New Delhi: The Supreme Court on Thursday refused to entertain a plea filed by a group of ex-servicemen challenging the validity of the current pay-fixation rules, alleging that the existing framework unfairly penalises Army veterans who join civil services after their retirement.
A bench of Chief Justice Surya Kant and Justices Joymalya Bagchi and Vipul M Pancholi, however, allowed lawyer Ashwini Upadhyay to make a representation in this regard to the authorities concerned which, in turn, will take a decision as early as possible.
The bench said if the petitioners, including lead petitioner Baidya Nath Choudhary, are dissatisfied, they can approach the Central Administrative Tribunal (CAT) with the grievances.

Choudhary and five others, in their plea filed through advocate-on-record Ashwani Dubey, had referred to Rule 8 of the Central Civil Services (Revised Pay) Rules, 2016, and a subsequent Department of Personnel and Training (DoPT) memorandum dated May 1, 2017.
The petitioners, all of whom served as Personnel Below Officer Rank (PBORs) before taking up roles in various government departments, including the Income Tax Department and the Food Corporation of India, had said the current rules force them to start at the “minimum pay level” of their new posts.

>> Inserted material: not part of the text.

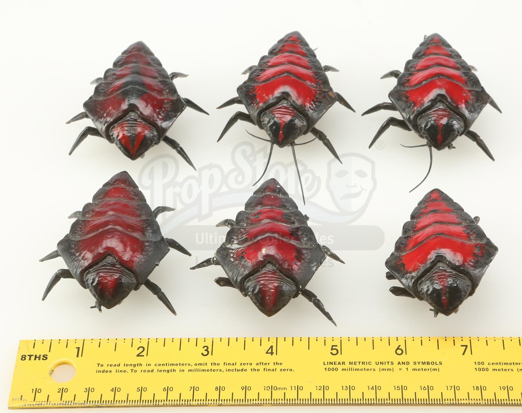 These heavily-detailed resin maquettes are hand-painted red and black with white underbellies. They have six legs, four front antennae, two mouth pincers, and two back antennae. The set is in good overall condition with various legs and antennae chipped off and some clay residue from use during production. Includes a letter of authenticity from Phil Tippett.
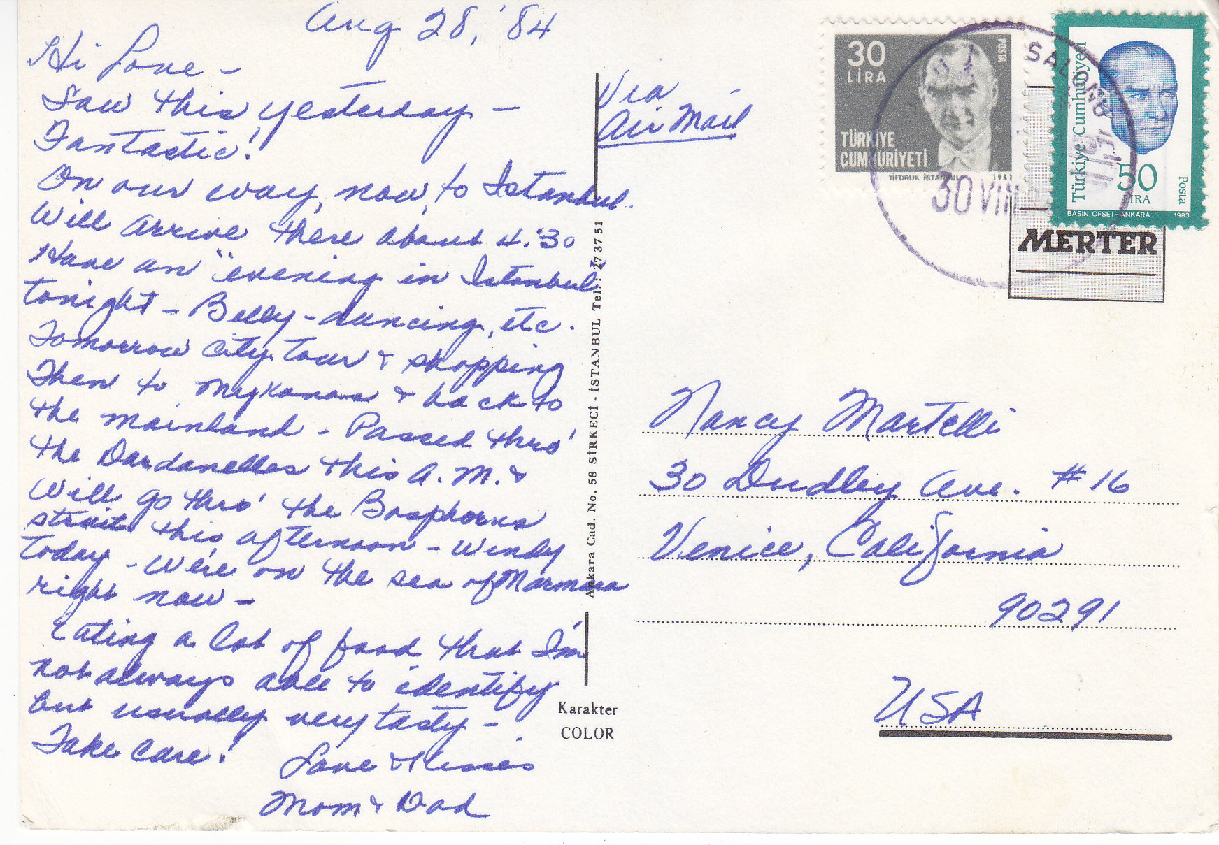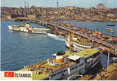 POSTCARD #117 Galata Bridge, New Mosque and Suleymaniye, Istanbul [Turkey]. 114. Her Hakki Mahfuzour. Keskin Color. Kartpostalcilik Limited Şirkiti. 49. Ankara Caddesi, No. 98, Istanbul Tel.: 27 34 06. Güzel Sanatlar. Keskin Color Ltd. Şti. Matabaasi. 6" x 4" EXC

This “mechanical fixation” completely ignores their decades of military service, prior experience and last-drawn salary in the Army, Navy or Air Force, the plea had said.

The armed forces veterans had said that this results in a “worse-off” financial position, where their new combined income is often lower or less advantageous than their status while in active defence service.
The plea had alleged “hostile discrimination” and said while public sector banks often provide pay protection to re-employed veterans, other government departments do not.
It had further claimed that treating veteran recruits with 15 to 20 years of experience as the same as “fresh entrants” is inherently unequal and violative of Article 14 (right to equality) of the Constitution.